Damage-associated molecular patterns (DAMPs) are endogenous molecules released upon cellular activation, stress, or damage and can induce the activation of inflammatory pathways during sterile inflammation [5]. Accumulating evidence suggested that a variety of DAMPs released from dead cells triggered immune responses and contributed to the pathogenesis of kidney disease [6,7,8,9]. DAMPs initiate kidney inflammation through recognizing their respective pattern recognition receptors (PRRs), including Toll-like receptors, purinergic receptors, or the NLRP3 inflammasome [6]. DAMPs could be derived from the subcellular origin, i.e. cytoplasm, endoplasmic reticulum, nucleus, and mitochondria. However, which DAMPs material is released from damaged TECs and promotes macrophage activation via specific PRRs remained to be explored.
Macrophage inducible C-type lectin (Mincle) is a member of the C-type lectin receptor family and is encoded by Clec4e. Mincle was shown to be a crucial PRR in sensing pathogens as well as endogenous ligands [10, 11]. In recent years, Mincle is largely described as a sensor to recognize glycolipids from pathogens, it also binds to DAMPs released by dead cells such as spliceosome-associated protein 130 (SAP130), β-glucosylceramide (β-GlcCer), cholesterol sulfate, and crystals [10, 12,13,14]. Importantly, Mincle activation through recognizing SAP130 contributed to the ethanol-induced liver injury, traumatic brain injury, and pancreatic ductal adenocarcinoma progression [14,15,16]. Our previous studies showed that rapid induction of Mincle after kidney injury which played a critical role in the acute phage of kidney inflammation [17]. However, the mechanism of Mincle activation in AKI remains to be explored. In this study, we aimed to investigate whether SAP130 was released from injured TECs and contributed to Mincle and macrophage activation.

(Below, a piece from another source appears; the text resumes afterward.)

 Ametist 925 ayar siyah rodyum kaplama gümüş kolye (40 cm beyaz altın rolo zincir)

Our data demonstrated that the release of cytoplasmic SAP130 from injured TECs was increased in both the AKI mice model and clinic patients with acute tubule necrosis (ATN). Further study demonstrated that SAP130 originated from damaged tubules promoted necroinflammation by triggering macrophage activation via miRNA-219c (miR-219c)/Mincle-dependent mechanism. Thus, this study identified a novel model of macrophage activation caused by damaged tubules which may represent a new therapeutic target for AKI.
Results
SAP130 expression in injured tubule correlated with mincle expression
We have previously shown that Mincle expression and macrophage accumulation are induced in obstructed kidneys of the UUO model as well as in cisplatin-induced acute kidney injury [17]. To explore the pathological link between acute tubule injury and Mincle activation, SAP130 as the first described endogenous ligand of Mincle was detected in the AKI mice model. We found that SAP130 expression was upregulated significantly in kidneys of both UUO and cisplatin-treated mice compared to normal controls (Fig. 1A–C). By immunofluorescence staining, increased cytoplasmic SAP130 expression was observed in injured TECs in which Mincle was highly co-expressed with profound macrophage accumulation (Fig. 1D–I).

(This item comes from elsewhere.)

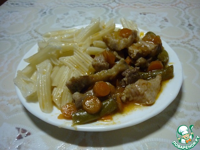 Свинину нарезать кубиками и закинуть в сковороду с овощами. посолить, поперчить

To explore the clinical relevance in human disease, we examined Mincle and SAP130 expression in patients with AKI. Patients with acute tubular necrosis (ATN, n = 9) and patients with glomerular minor lesions as controls (Ctrl, n = 8) were enrolled. The clinical characteristics of these patients were shown in Table 1. A significant increase in the level of serum creatinine and blood urea nitrogen was present in the ATN group compared to the Ctrl group. Kidney histology of PAS staining showed denudation and flattering of the renal tubular cells, loss of brush border, and intratubular cast formation in ATN patients but absent in control patients (Fig. 2A, B). It was noted that a significantly increased number of CD68 positive macrophages were infiltrated especially around damaged tubules (Fig. 2A, C). Consistent with the findings in UUO and cisplantin-induced AKI mice, SAP130 as well as Mincle was highly expressed in patients with ATN, whereas, a bare expression was observed in patients with a glomerular minor lesion (Fig. 2D–F).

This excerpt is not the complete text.